Sie können den erkannten Text als Zeichenfolge im text
abrufen. Zum Beispiel:
Schnell
let annotation = result.flatMap { $0.data as? [String: Any] }
.flatMap { $0["fullTextAnnotation"] }
.flatMap { $0 as? [String: Any] }
guard let annotation = annotation else { return }
if let text = annotation["text"] as? String {
print("Complete annotation: \(text)")
}
Ziel c
NSDictionary *annotation = result.data[@"fullTextAnnotation"];
if (!annotation) { return; }
NSLog(@"\nComplete annotation:");
NSLog(@"\n%@", annotation[@"text"]);
Sie können auch spezifische Informationen zu Bildbereichen abrufen. Für jeden block
, paragraph
, word
und jedes symbol
können Sie den in der Region erkannten Text und die Begrenzungskoordinaten der Region abrufen. Zum Beispiel:
Schnell
guard let pages = annotation["pages"] as? [[String: Any]] else { return }
for page in pages {
var pageText = ""
guard let blocks = page["blocks"] as? [[String: Any]] else { continue }
for block in blocks {
var blockText = ""
guard let paragraphs = block["paragraphs"] as? [[String: Any]] else { continue }
for paragraph in paragraphs {
var paragraphText = ""
guard let words = paragraph["words"] as? [[String: Any]] else { continue }
for word in words {
var wordText = ""
guard let symbols = word["symbols"] as? [[String: Any]] else { continue }
for symbol in symbols {
let text = symbol["text"] as?

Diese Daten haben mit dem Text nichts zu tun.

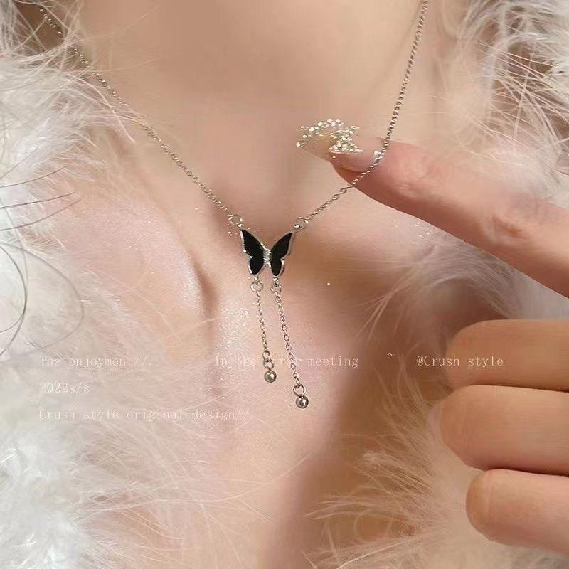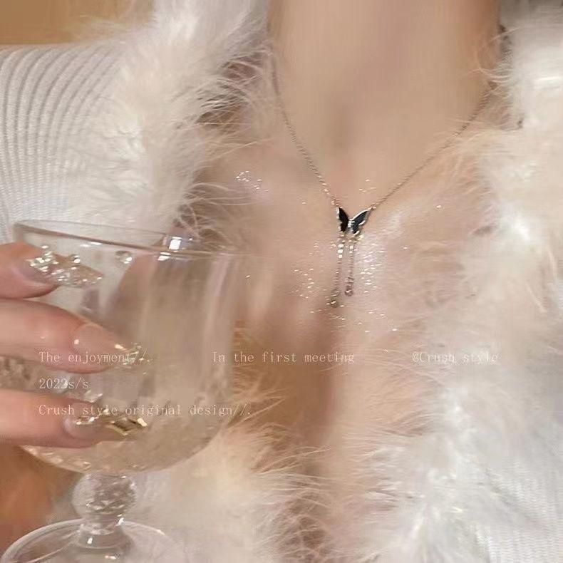 Collar de mariposa con borlas negras Tiancai de Pure Wish para mujer, diseño moderno de nicho, cadena de lana distintiva, cadena de clavícula ligera y lujosa.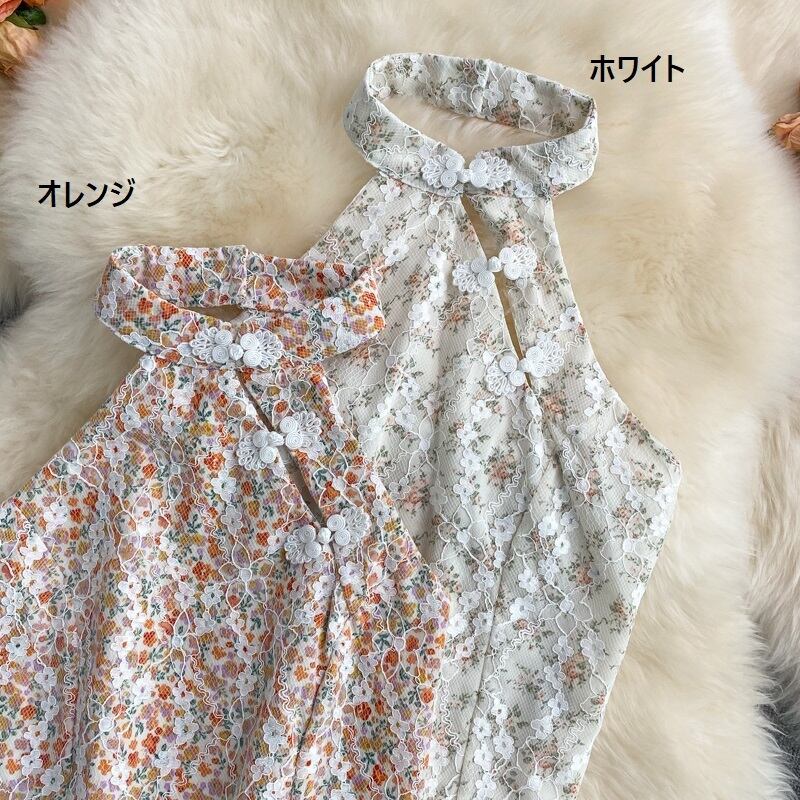 トップス レース 小花柄 花柄 総柄 チャイナトップ スホルターネック チャイナ服 プルオーバー 背中シャーリング 短め丈 夏服 可愛い レディース 10代 20代 チャイナヴィンテージ バックオープン 真夏 海 イベント デート プール 海岸 旅行 リゾート 普段使い おしゃれ トレンド 肩出し セクシー キュート 女の子っぽい 好感度アップ モテ服 可愛い 韓国服 韓国ファッション インポート 輸入服 重ね着 着まわせる 簡単コーデ 主役級 カジュアル 低価格 お買い得 大人女子 大人可愛い 着やすい

String ?? ""
let confidence = symbol["confidence"] as? Float ?? 0.0
wordText += text
print("Symbol text: \(text) (confidence: \(confidence)%n")
}
let confidence = word["confidence"] as? Float ?? 0.0
print("Word text: \(wordText) (confidence: \(confidence)%n%n")
let boundingBox = word["boundingBox"] as? [Float] ?? [0.0, 0.0, 0.0, 0.0]
print("Word bounding box: \(boundingBox.description)%n")
paragraphText += wordText
}
print("%nParagraph: %n\(paragraphText)%n")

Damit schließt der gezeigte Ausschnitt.